Global Courant
LOS ANGELES — You could call her the Mother of Father’s Day.
The late Sonora Smart Dodd launched the celebration of fathers in 1910 in her hometown of Spokane, Washington. As a result, she’s the one responsible for the annual gifts that run the gamut from embarrassingly silly ties to child finger paintings that are so lovingly crafted by those tiny hands that they can bring tears to even the most. stoic father.
It’s a tradition Dodd decided to start when she sat in a church in Spokane on Mother’s Day 1909 listening to a sermon on – what else? – Mothers Day.
“And it bothered her,” Dodd’s great-granddaughter, Betsy Roddy, told The Associated Press in 2017. “She thought, ‘Why isn’t there Father’s Day?’
After all, Dodd and her five younger brothers had been raised by their father after their mother died in childbirth in 1898.
William Jackson Smart became a farmer after fighting in the Civil War. He not only fulfilled both parental roles, but did so with “leadership and love,” his daughter used to say, and she thought he should get some credit.
“So she worked tirelessly with the local clergy and got the YWCA on board, and they had their first Father’s Day in Spokane in 1910,” Roddy said, showing a copy of The River Press of Fort Benton, Montana, which reported did of the event. .
While that story predicted next year’s celebration would take place nationwide, Father’s Day was slow to take off. So much so that Dodd spent the next 62 years lobbying everyone from presidents to retailers for support.
Finally, in 1972, President Richard Nixon declared the third Sunday in June a federal holiday honoring fathers. Dodd, who died in 1978 at the age of 96, had lived to see her dream come true.
A Renaissance woman, the Mother of Father’s Day was a painter, poet and businesswoman, ran a funeral parlor with her husband while raising the couple’s only son, a father-to-be named Jack.
“I’m very proud of that renegade spirit she clearly had,” says Roddy, director of marketing for a large Los Angeles company.
Dodd’s great-granddaughter herself inherited something of that spirit. She grew up in Washington, DC and received a bachelor’s degree in English from Penn State before spending several years backpacking in Europe between her studies at Vienna’s Webster University, where she earned a master’s degree in international business.

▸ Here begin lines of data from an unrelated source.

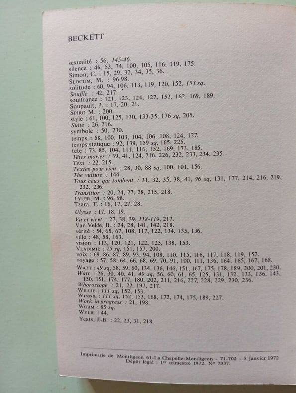 100 PAGES FORMAT 21,5 CM X 27 CM-EN COUVERTURE BECKETT PAR MORETTI-DOSSIER BECKETT SUR 31 PAGES, SAMUEL BECKETT PAR JEAN ROUDAUT, UN VIVANT, PAR CHARLES JULIET, PERSONNE DE NULLE PART, PAR RICHARD ELLMANN, LES MOTS DES AUTRES, PAR EVELYNE PIELLER, LA VOIX A L'OEUVRE, PAR JEAN ROUDAUT, TOUT UN THEATRE, PAR ALFRED SIMON, LA PREMIERE DE GODOT, PROPOS RECUEILLIS PAR EVELYNE PIEILLER, BLIN L'ADMIRABLE, PAR PAULE THEVENIN, SILENCE, IL TOURNE, PAR FRANCOIS JOST, SUR PROUST, PAR JEAN-PAUL MANGANARO, BIBLIOGRAPHIE-LA SYMPHONIE POUND, 3P PAR JEAN-MICHEL RABATE, POUND EN CONDENSE, 2P PAR PHILIPPE MIKRIAMMOS, L'EPOPEE POUNDIENNE, PAR BERNARD DELVAILLE-CRITIQUE POUR "UNE VIE DE CHAT" DE YVES NAVARRE, PHOTO-LE ROI DE PIQUE, HENRI POURRAT, 2P PAR JEAN-LOUIS HUE, PHOTO-CRITIQUE POUR "LA PRINCESSE BIBESCO" DE GHISLAIN DE DIESBACH, PHOTO-ENTRETIEN, NOUVELLE HISTOIRE DE LA GRECE ANCIENNE, 6P, 3 PHOTOS-LA BELLE ECRITURE, 1P PAR ALAIN GARRIC, HASSAN MASSOUDY, CALLIGRAPHIE, PHOTO
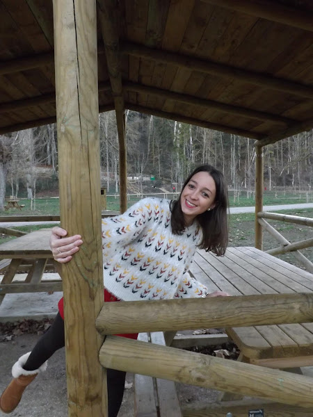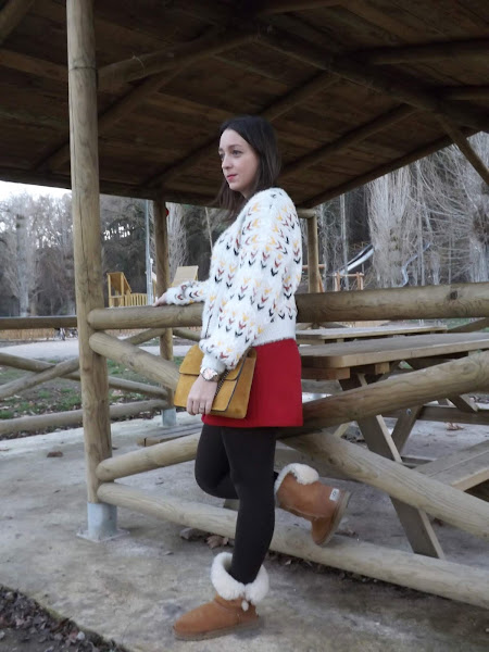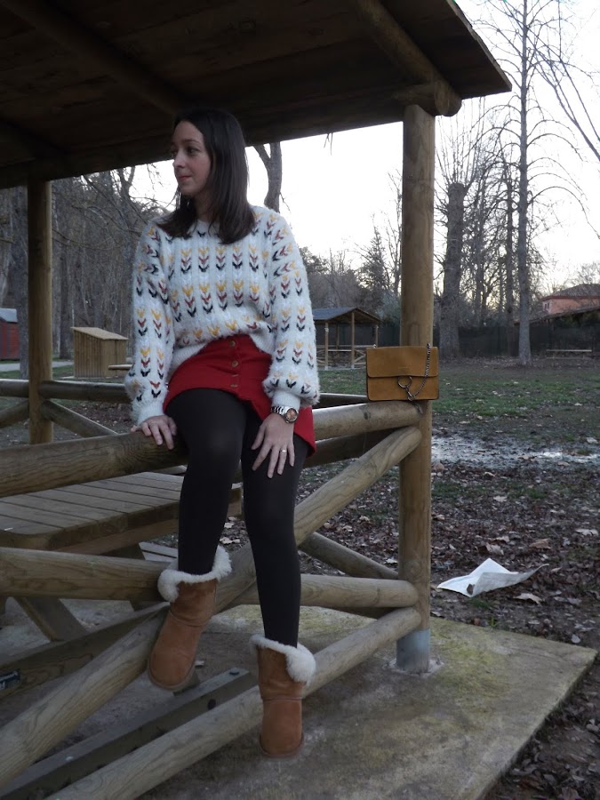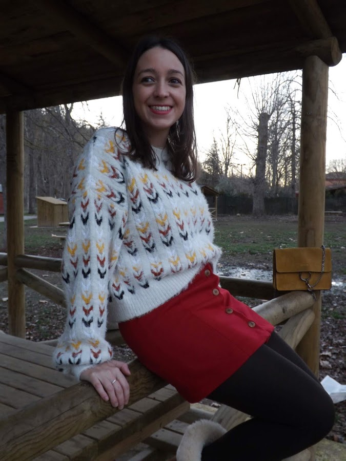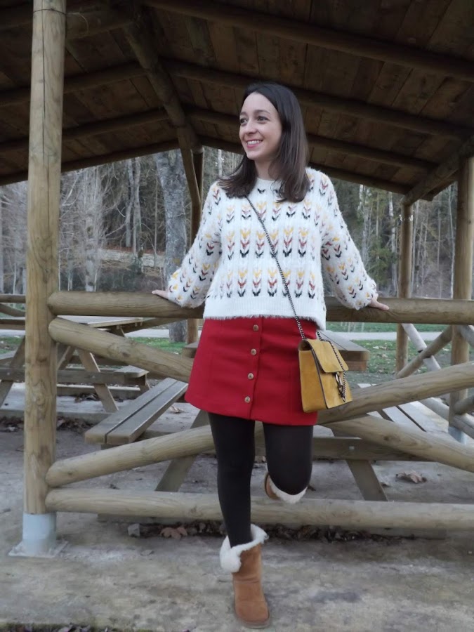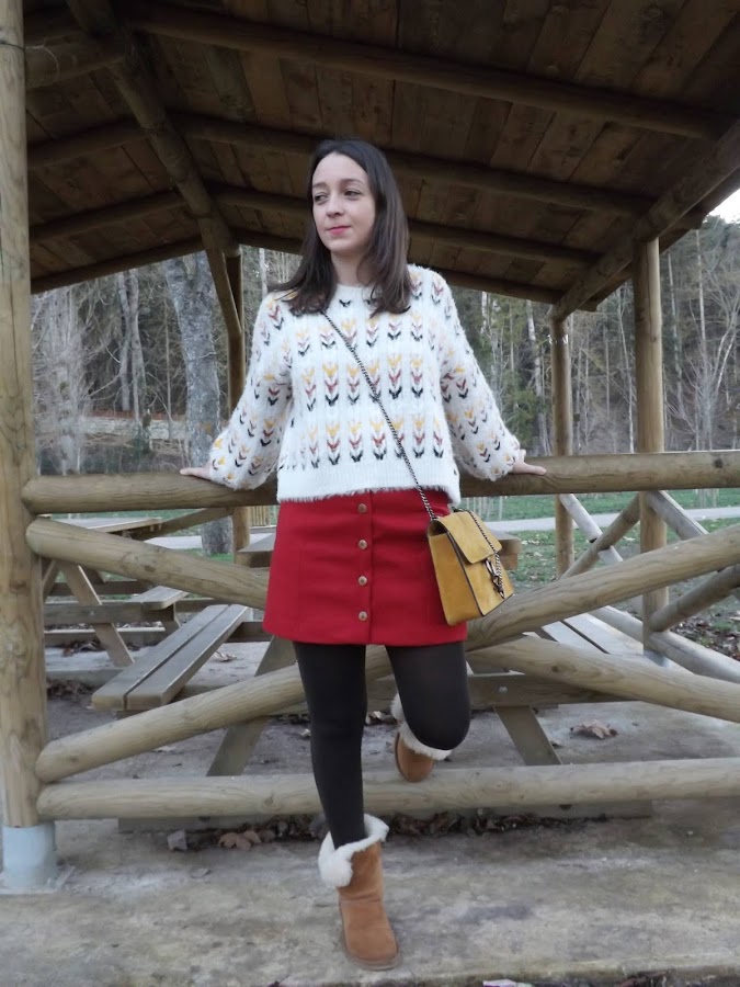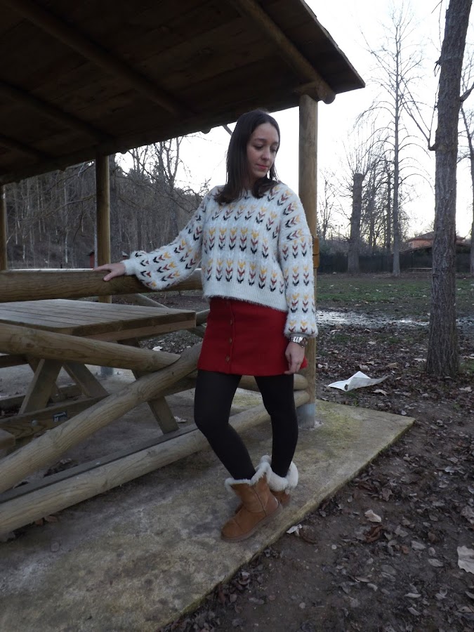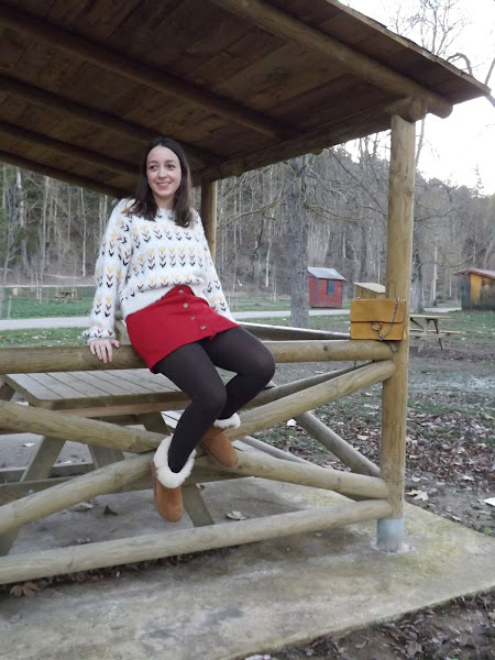 La falda es creación mía, de paño en rojo oscuro, con cortes y botones de madera en el centro, no me digáis que no es bonita! Además con este jersey nuevo de Stradivarius queda de maravilla. Un look abrigadito para este invierno.
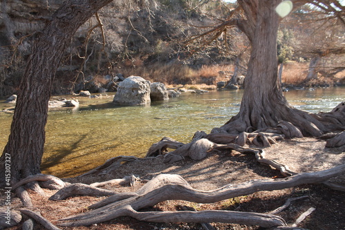 River flowing around large rock by cypress tree
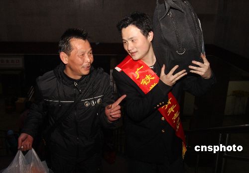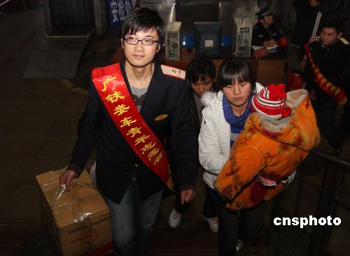 1月29日,湖南省婁底車務段的青年志愿者在婁底火車站為攜帶許多行李等老弱病殘等旅客提供各種幫助。當日,湖南省婁底火車站迎來節后返程客流小高峰,婁底車務段團委組織近千名團員青年志愿者開展“和諧春運”活動,在管區內的車站設立了被旅客稱為“愛心島”的青年志愿者服務站,為旅客提供溫馨服務。中新社發 郭國權 攝
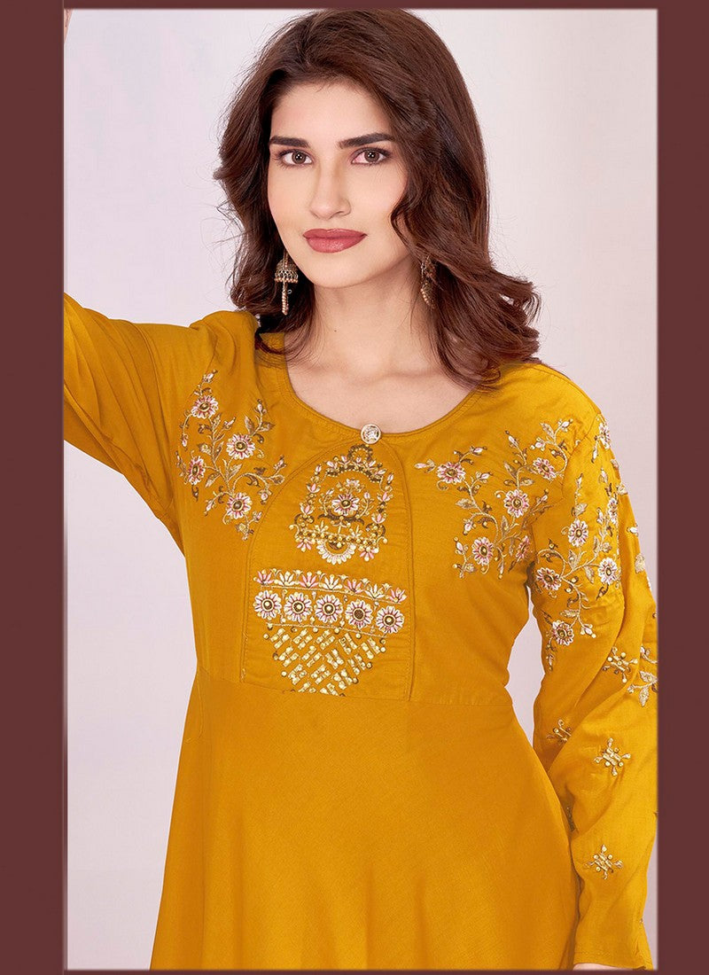 Classy Yellow Color Muslin Fabric Designer Kurti
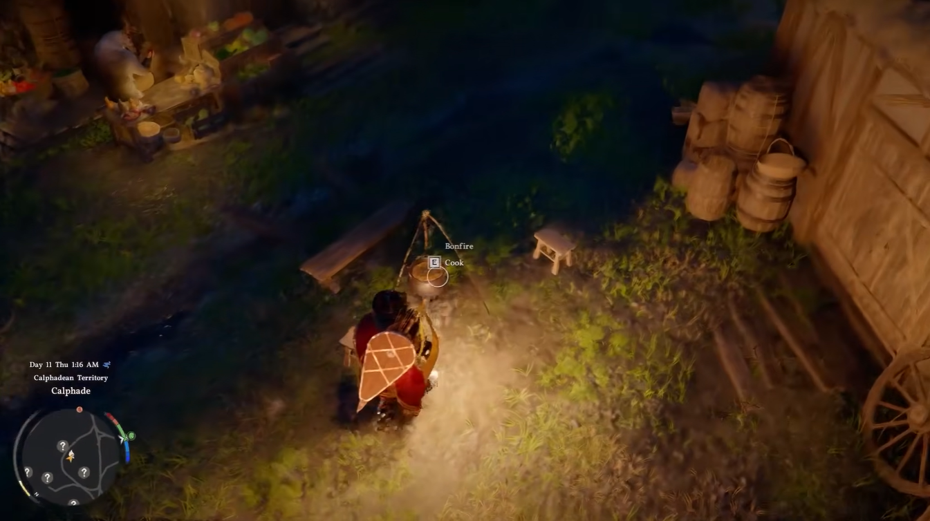 When you explore the map, look specifically for bonfires or cooking pots. These are usually placed near camps, outposts, or safe zones. As you approach one, your map or HUD will display an interaction icon, confirming that it can be used for resting.
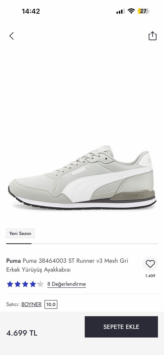 Puma ST Runner v3 Mesh gri renkli, dolgu topuklu ve kauçuk tabanlı, modern klasik stilde, sportif ve şık erkek spor ayakkabısı. Hiç kullanılmamış sıfır kendin kutusuyla gönderme yapılacaktır
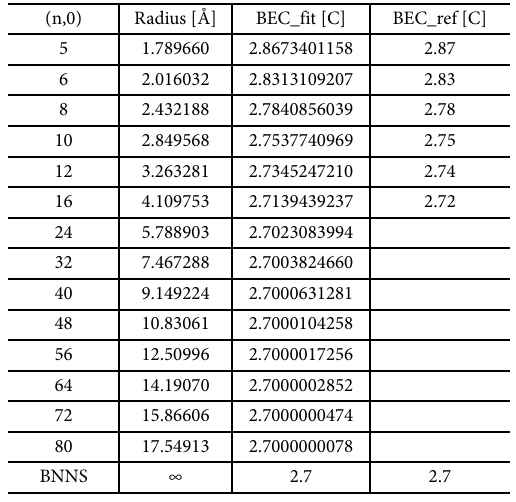 Table 1 Chiral vector, Radius, curve fitted Born effective charge, reference Born effective charge for considered model |
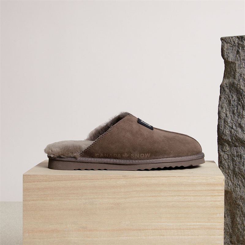 Edmonton, innetofflor i slip-in modell från Canada Snow. gråbrun mocka i ovandelen med fårskinnsfoder, sula i lättviktsmaterial. Canada Snows produkter är av högsta kvalitet och designade med stor noggrannhet.
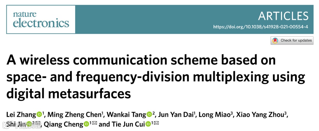总之,这种基于时空编码数字超表面的新体制复用无线通信系统,具有成本低廉和结构简单的优势,省去了传统空分和频分复用技术中所需的天线阵列、混频器、滤波器等射频部件。时空编码数字超表面提供了一种低成本和低复杂度的方案来实施空分和频分复用技术,在未来新体制无线通信和雷达系统中具有广阔的应用前景。美国佐治亚理工学院的Shuai Nie和Ian F. Akyildiz教授在Nature Electronics上以“Metasurfaces for multiplexed communication”为题对该工作进行了专题介绍(Nature Electronics, doi.org/10.1038/s41928-021-00555-3, 2021)。

She moved to Los Angeles decades ago, found her niche in marketing and stayed. She eventually moved into a Craftsman-style home on the west side of town, where she lives with her two dogs.
The only child of an only child and recently widowed after 24 years of marriage, Roddy never had children of his own. That not only gives her the title of Father’s Day great-granddaughter, but also ensures that she is the last direct descendant of the holiday’s creator.
Although she has always been well aware of that legacy, she has never spoken about it publicly until now.
She became more involved after MyHeritage.com, the company that helps people trace family history, asked if she knew her family’s story.
When she found out she did, MyHeritage unearthed historical documents about Dodd that Roddy says even she and her mother didn’t know existed. They consider eventually turning over some of their artifacts to a museum.
As a child, Roddy said, she loved her great-grandmother very much, visiting her every year and cherishing the poems, books and notes she gave her, including one welcoming her to the world the year she was born. She still keeps it, in pristine condition, in a small box in her home.
But as a child, Roddy says, she largely took Father’s Day for granted, wrapping up the lavish celebration, including the special card for her great-grandmother, was just something her family did. Even as an adult, she’s generally kept quiet about being the ultimate Father’s Day insider, leaving it to her mom to spread the word.
But no more.
“It’s time for me to pick up the baton and wear it with pride,” she says with a smile. “I am the last direct descendant. The legacy is here, that’s an honor.”